Among the plethora of different machine learning approaches, Deep Learning is currently the one that generates the most excitement and concern. Many of the recent advances in data mining that drive the business of big tech companies are based on applications in Deep Learning. At the same time, Deep Learning has also tremendous artistic potential since it can directly operate on and generate content for digital media.
Deep Learning is a summary term for any approach that employs neural networks that consist of a large number of layers. Many aspects of Deep Learning are therefore inherited from “traditional” artificial neural networks.
Shallow and Deep Neural Networks
Shallow neural networks are networks that possess only a few hidden layers. Deep neural network possess a potentially very large number of hidden layers. The reason why a large number of hidden layers increases the capabilities of a neural network is based on the principle that data can be represented at different levels of abstraction. Lower levels of abstraction are used closer to the input layer, and higher levels of abstraction are used closer to the output layer. Accordingly, deep neural networks can extract features from data at increasingly higher levels of abstraction. Training such a large number of layers has become possible thanks to improvements in learning algorithms and back propagation.
But Deep Learning is more than a simple improvement and upscaling of existing algorithms. Deep Learning has also introduced more diverse network types. This includes network types that are particularly suitable for dealing with temporal data or spatial data. Thanks to these additional network types, Deep Learning can be used in many end-to-end learning scenarios.
End-to-End Learning
Traditional machine learning made it possible to replace some components of a data processing pipeline that were previously programmed by hand with algorithms that are trained on data. Since traditional machine learning models cannot handle high dimensional unstructured data such as raw video images or raw audio, many hand programmed algorithms are still required to pre-process raw data and extract low dimensional features from it. These features can then be passed into a machine learning model. With Deep Learning, machine learning models can be created that are sufficiently powerful to directly deal with raw data. Accordingly, the feature extraction step no longer needs to happen before data is passed into the model. Rather, this step happens within the model and is learned by model alongside all the other data processing aspects during training. Training such a model on raw data is called End-to-End learning.
Recurrent Neural Networks
Conventional artificial neural networks have no notion of time or sequence. These networks don’t take into account the sequence in which data instances are presented to them. Accordingly, these networks cannot learn sequential dependencies and correlations. But such dependencies play an important role in many domains such as language or music. In spoken or written language, it is obvious that the form and choice of a word depends on other words that have appeared earlier in a sentence. Conventional artificial neural networks are not able to capture this.
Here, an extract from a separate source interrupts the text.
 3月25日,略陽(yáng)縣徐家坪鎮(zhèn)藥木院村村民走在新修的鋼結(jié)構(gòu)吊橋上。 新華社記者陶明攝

In order to introduce the notion of time, nodes in a neural network need to be equipped with some sort of memory. The first attempt to do so was to equip conventional artificial neurons with recurrent connections. Such connections pass the output of a neuron back to its input. Accordingly, such neurons “remember” their previous activities since these activities are passed into them alongside with new input data.
Originally, for neurons that possess a recurrent connection back into themselves, the connection was depicted as a loop. This depiction has been replaced with a form in which the recurrent connection is unrolled in time. In such a depiction, the recurrent connection is shown as a directed arrow that points from the neuron at a previous time step to the same neuron at the next time step.
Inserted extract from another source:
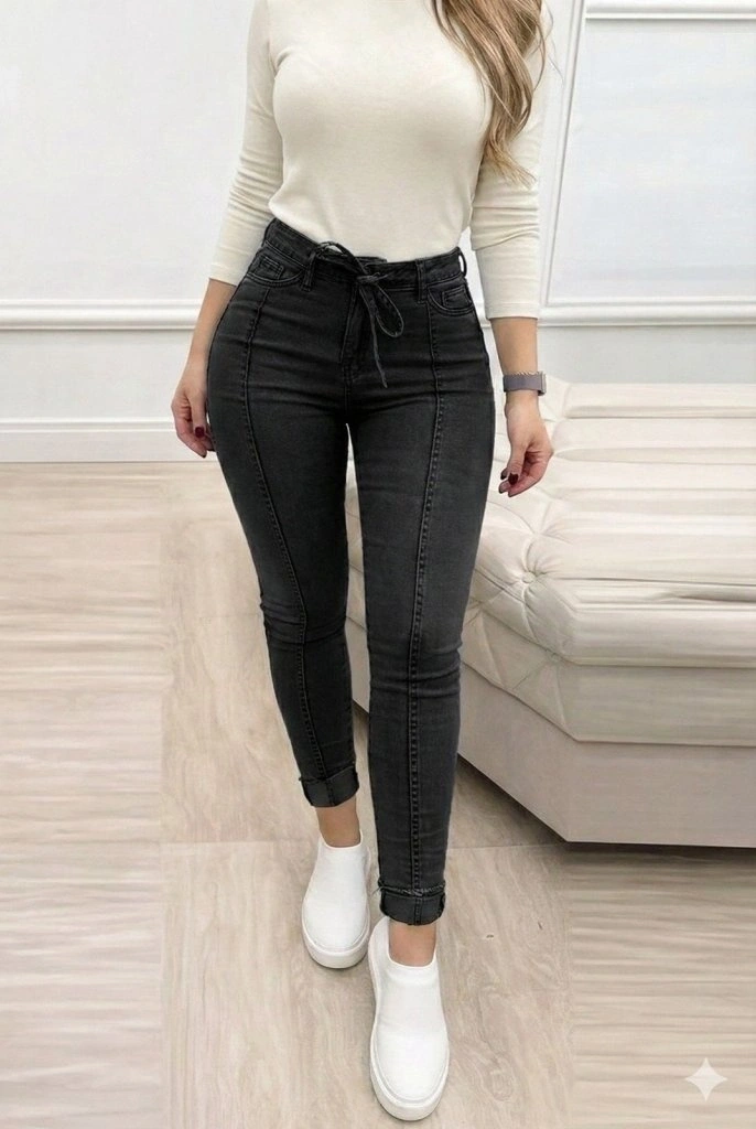 Kadın Yüksek Bel Belden Kuşaklı Yırtık Detaylı Kot Pantolon

This type of visualisation highlights one of the main problems of recurrent neural networks, which are long term dependencies between a current output (and its associated error) and an input that possibly lies far back in time. To learn long term dependencies is very difficult for such a network, among others because of they way that gradients are calculated during Back Propagation. The longer the sequence of operations between input and output, the more likely it is that the gradient becomes very small or very large. This is called the vanishing or exploding gradient problem.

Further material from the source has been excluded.